Outside the Bel Air Bar and Grill, residents hold a We Survived the 405 Neighborhood Block Party

Carmaggedon. Jamzilla. Those were just the headlines.

The southwestern corner of Bel-Air had it bad for four and a half years.

As a more than $1-billion 405 Freeway improvement project moved through the Sepulveda Pass, the streets up against the freeway between UCLA and the Getty Museum became a maddening, ever-changing maze of ramp closures, lane closures, detours and unexpected dead ends.

Ask Mahin White about the project, she raises a well-manicured hand and says, "Please, you're opening a can of worms."

Says her friend Harold Igdaloff, 89, who lives just off the freeway: "On my street, they dug a trench 20 feet wide by 20 feet deep. Every night when I came home, it was a different challenge because they either had this blocked or that blocked or the other blocked."

On Saturday, White and Igdaloff joined many of their neighbors right alongside the freeway, outside the Bel Air Bar and Grill on North Sepulveda, for what was billed as a We Survived the 405 Neighborhood Block Party.

Not that their 405 construction headaches are through. Not really. Almost every day, the Bel-Air Assn. blog still runs a long list of street, lane and onramp closures. Linda Behar, who can see the freeway from her home in hillside Mountaingate, said that when she set out for the party she was surprised to find her freeway onramp closed. "You still never know," she said.

Susan Disney Lord, the Bel Air Bar and Grill's owner, said she first planned the party a year ago, then delayed it to May, then again. When the construction work that was supposed to have ended kept on going and going, she finally decided: close enough.

"They're never going to proclaim it over," she said, "and we so badly needed a party."

For years, she said, the construction mess has scared many visitors away from her restaurant and the nearby gas stations and the dog groomer and nail salon and other small businesses in the two little strip malls right across Sepulveda.

"What I think is that people got trained not to come anywhere near here," she said.

Mabel Henriquez, who opened Mabel's Dog Grooming 15 years ago, said she lost some customers who got very stressed out when they couldn't find a way through the closures to pick up their dogs.

The block party, of course, was part publicity stunt — the equivalent of jumping up and down and screaming at the top of their lungs that the worst was over and that they're easy to get to again, not to mention eager and very much open for business.

To that end, Lord laid out an elegant spread of free food: egg-salad sandwiches, chopped salad, linguine Bolognese, chicken pot stickers. Manny's Pizzeria served up slices. Legend Cleaners handed out coupons. A deejay spun records. There were balloons and banners. All the local storefronts pitched in with freebies and refreshments.
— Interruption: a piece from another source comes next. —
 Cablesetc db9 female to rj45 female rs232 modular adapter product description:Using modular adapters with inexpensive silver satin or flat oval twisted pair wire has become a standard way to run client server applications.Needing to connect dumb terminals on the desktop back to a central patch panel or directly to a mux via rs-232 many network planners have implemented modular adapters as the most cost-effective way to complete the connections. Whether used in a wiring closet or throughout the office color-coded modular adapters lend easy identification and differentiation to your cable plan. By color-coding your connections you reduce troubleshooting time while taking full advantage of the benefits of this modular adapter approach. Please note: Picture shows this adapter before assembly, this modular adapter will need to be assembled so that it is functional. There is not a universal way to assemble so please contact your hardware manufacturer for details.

Lord says she's all in favor of the infrastructure improvements — which included 10 miles of new northbound carpool lane. But while the recently built sound walls help with noise, they also block passing drivers' view of the businesses.

Her biggest thrill Saturday, she said, was the people who just saw a party, stopped and discovered a little business district they hadn't known existed.
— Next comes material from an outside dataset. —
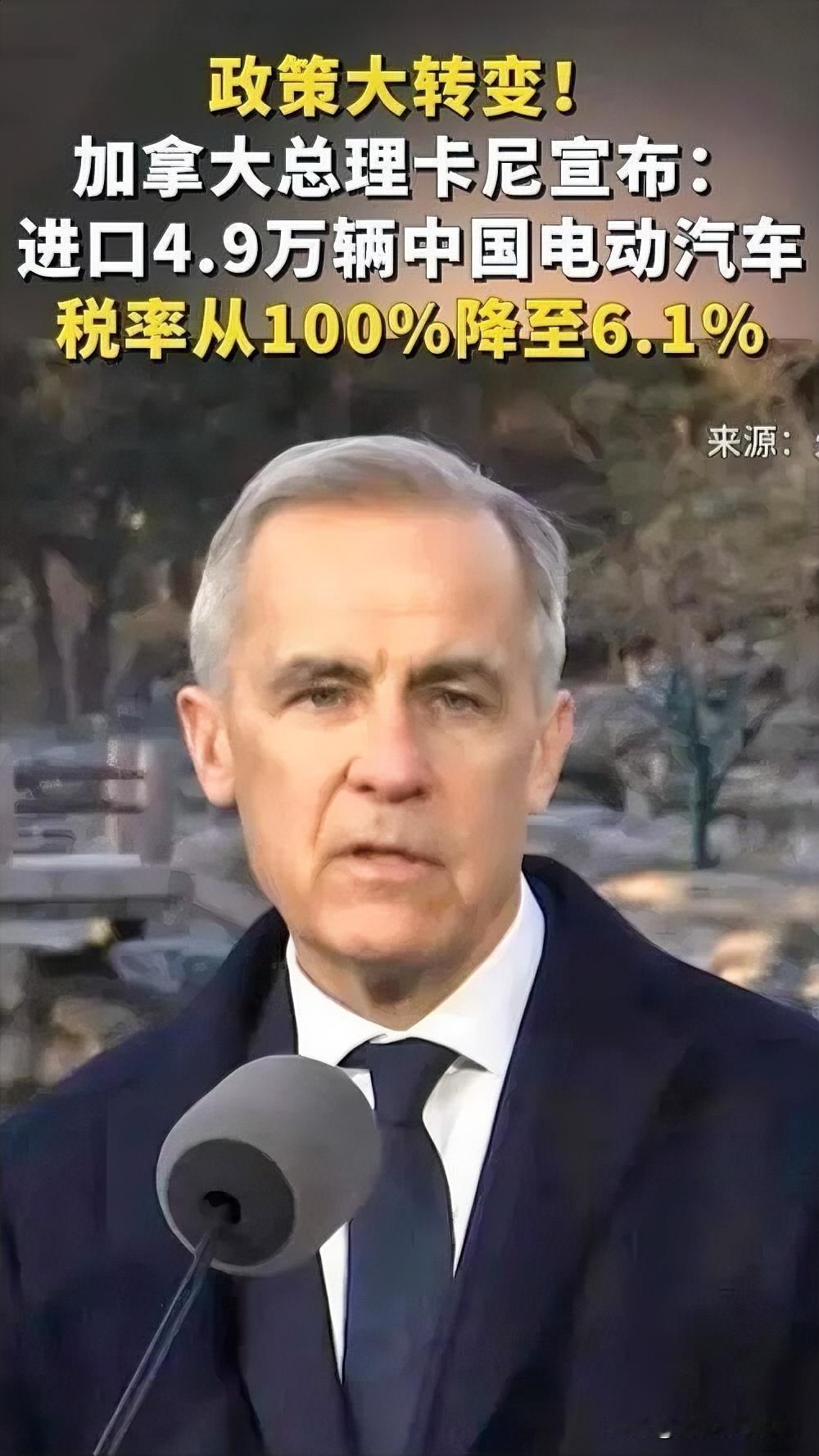 2026年1月,加拿大总理卡尼访华期间宣布,将允许每年最多4.9万辆中国电动汽车进入加拿大市场,配额内车辆适用6.1%的最惠国关税税率,不再征收此前高达100%的附加税,且配额数量将按比例逐年增长。这一政策调整恢复至贸易摩擦前水平,为中国电动汽车开拓北美市场提供了新机遇,也将进一步推动中加经贸合作。

As for the longtime residents, opinion was divided about whether all the construction had been worth it in the end.

There was muttering about a recent study, posted on L.A. County Supervisor Zev Yaroslavsky's website, that sampled two weeks of northbound afternoon rush-hour traffic in the pass and concluded that even with the new carpool lane, it had remained constant or perhaps even slowed down a little.

Said Ron Hudson, 71, an interior designer who has lived in the neighborhood since 1969: "We still have a mess on Sunset. When you cross over the freeway, it's still bumper to bumper. I think if we'd put a tram down the center of the 405, it would have been the best way to go."

L.A., he said, never stops growing. Add new lanes, new cars show up to fill them.